Pangolin - Traditional Medicine

    Outcomes

    The EWCL WildAid team secured funding from the Pangolin Crisis Fund and the SeaWorld Busch Gardens Conservation Fund to conduct our survey and workshop in Vietnam, as well as corresponding outreach activities. Proposed and realized outcomes are outlined below: 

    • New understanding, awareness, and knowledge around practitioner use of wildlife products (specifically pangolin products), beliefs, and openness to alternatives in Traditional Medicine practices in Vietnam. 
    • Increased opportunities for designing behavior change campaigns based on the knowledge gained of perceptions, motivations, and usage of pangolin products in Traditional Medicine.
    • A replicable survey format with accompanying materials that can be used to survey Traditional Medicine practitioners in other provinces and cities of Vietnam, outside of the Thừa Thiên Huế province. 
    • A replicable workshop format with accompanying materials that can be applied for future Traditional Medicine outreach and training across Vietnam. 
    • Continued value in seeing WildAid and Choice as partners and thought leaders in driving behavioral change of Traditional Medicine practitioner preference for sustainable alternatives to wildlife products.
    • Continued creation of a network of Vietnamese Traditional Medicine practitioners' voices to partner with who call for the protection of pangolins and other endangered species.
    • Increased numbers of Traditional Medicine practitioners actively calling for a reduction and end to the usage of wildlife parts in their practice.

     

     

    The interviewed practitioners leverage their influence and “peer voice” regarding their opinions and experiences on the usage of wildlife products in Traditional Medicine, openness to alternatives, and what a sustainable future for Traditional Medicine looks like to them.

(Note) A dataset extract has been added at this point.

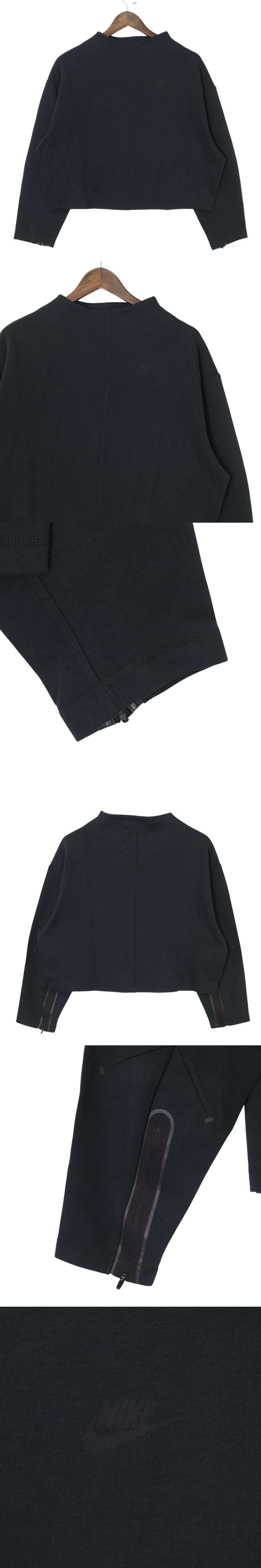 NIKE ナイキ ロゴ★ 袖ジップ モックネック クロップド トレーナー プルオーバー Sz.M レディース 黒 トレーニング

    • "Pledge for Wildlife" - a commitment from Traditional Medicine practitioners
      • 73% of practitioners who participated in our workshop signed on to this pledge committing to stopping the use and purchase of medicinal formulas derived from wild animals in the treatment of patients, using sustainable and plant-based alternatives when possible, and promoting wildlife protection among the Traditional Medicine community.

    WildAid

    WildAid inspires change and empowers the world to protect wildlife and vital habitats from critical threats including illegal wildlife trafficking, climate change, and illegal fishing. WildAid delivers impact at scale in two distinct ways: 1) creating innovative communications campaigns that inspire millions of people in China, South East Asia, Africa, and the U.S. to protect endangered wildlife and reduce climate impacts, and 2) strengthening effective ocean enforcement of priority marine areas including marine protected areas, coastal fisheries, coral reefs, and blue carbon habitats with government, NGO, and community partners in 16 countries around the globe.

    Choice

    WildAid operates in Vietnam through Choice, a locally-led organization whose mission is to promote environmental conservation through education and creative communications that encourage behavioral change and inspire the Vietnamese community to take action, with a focus on tackling climate change, wildlife trade, and pollution.

    Traditional Medicine has been and always will be an important part of the history and culture of Vietnam. However, the legal and illegal use of wildlife products has unfortunately become a major driver for the risk of extinction for many wild species, pangolins included. The continued pangolin poaching crisis and prevalent perceptions about the effectiveness of pangolin products held by Traditional Medicine practitioners and consumers alike serve as a wake-up call for urgent action to protect this endangered animal.